---------- EXERCISE DATA

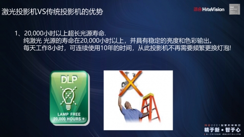 為了減少用戶對投影機(jī)的后期維護(hù)時間和成本,使投影機(jī)擁有更好的防塵性能和更長的使用壽命。鴻合DLP激光長焦投影機(jī)采用純激光光源,保證穩(wěn)定持久亮度輸出的同時,擁有20000小時的超長壽命,節(jié)能環(huán)保,大大降低了使用成本。
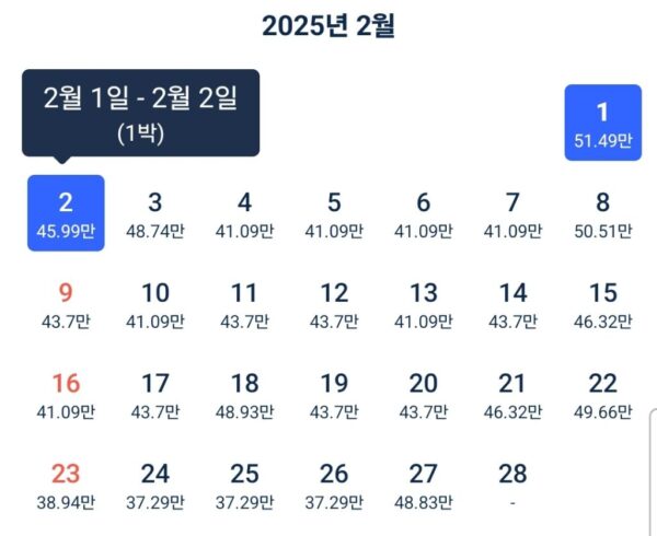 1月末の平日の日本の東京と韓国のソウルホテルの価格(ホテル最安値検索)
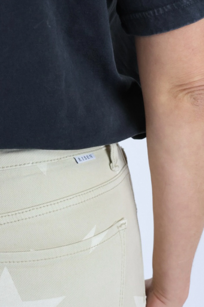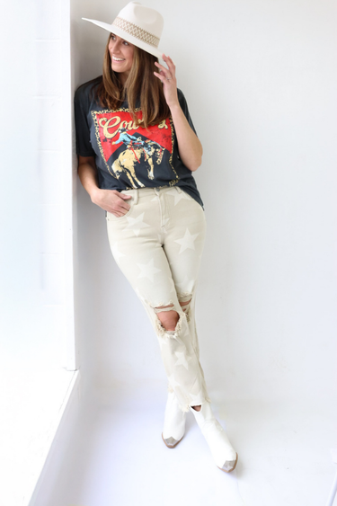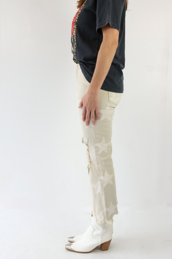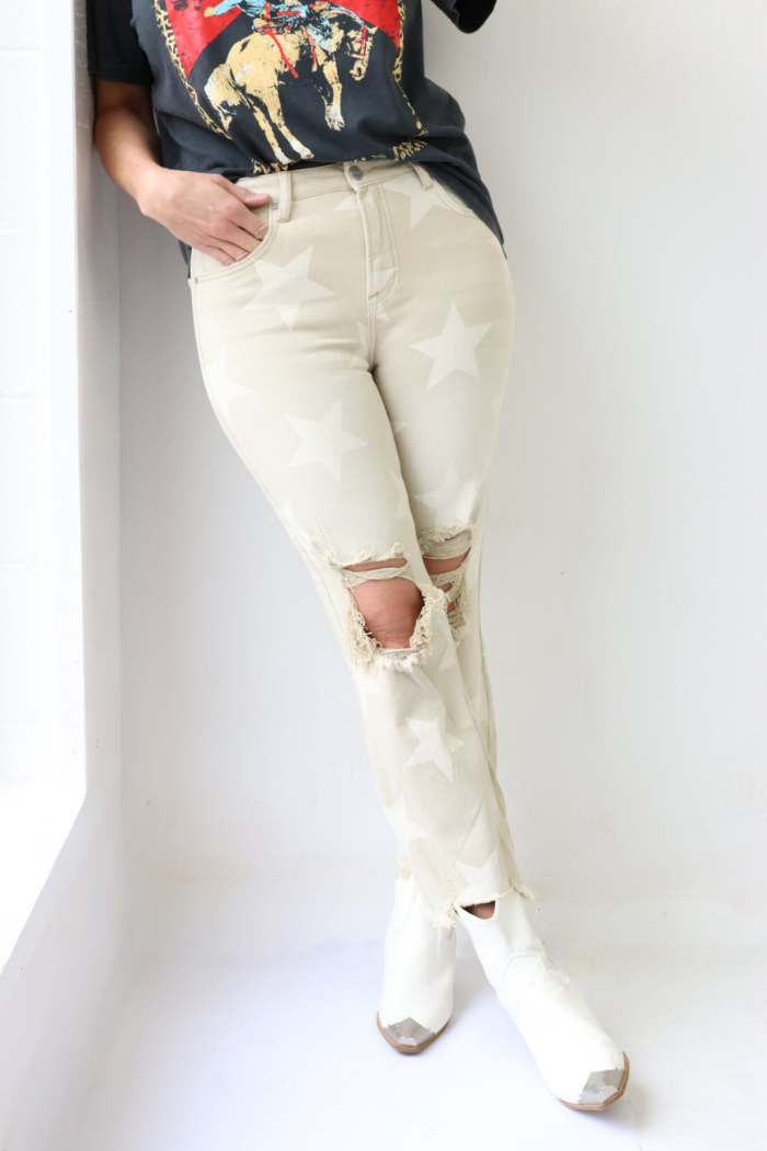 Shine bright in Nashville with this star print distressed cropped denim in a versatile khaki tone, designed for trendy women of all ages who love standout style. Featuring a flattering high-rise waist, straight leg fit, and cropped length, these jeans offer a modern edge with effortless comfort. Style them with a graphic tee and sneakers for daytime exploring, or pair with a western top and boots for downtown nights that feel bold, playful, and perfectly Music City chic!

--------------------

#### TASK PROMPT
Everything in the listing above is to be given again exactly, apart from the pictures.

#### WRITTEN REPLY
 為了減少用戶對投影機(jī)的后期維護(hù)時間和成本,使投影機(jī)擁有更好的防塵性能和更長的使用壽命。鴻合DLP激光長焦投影機(jī)采用純激光光源,保證穩(wěn)定持久亮度輸出的同時,擁有20000小時的超長壽命,節(jié)能環(huán)保,大大降低了使用成本。
 1月末の平日の日本の東京と韓国のソウルホテルの価格(ホテル最安値検索)
 Shine bright in Nashville with this star print distressed cropped denim in a versatile khaki tone, designed for trendy women of all ages who love standout style. Featuring a flattering high-rise waist, straight leg fit, and cropped length, these jeans offer a modern edge with effortless comfort. Style them with a graphic tee and sneakers for daytime exploring, or pair with a western top and boots for downtown nights that feel bold, playful, and perfectly Music City chic!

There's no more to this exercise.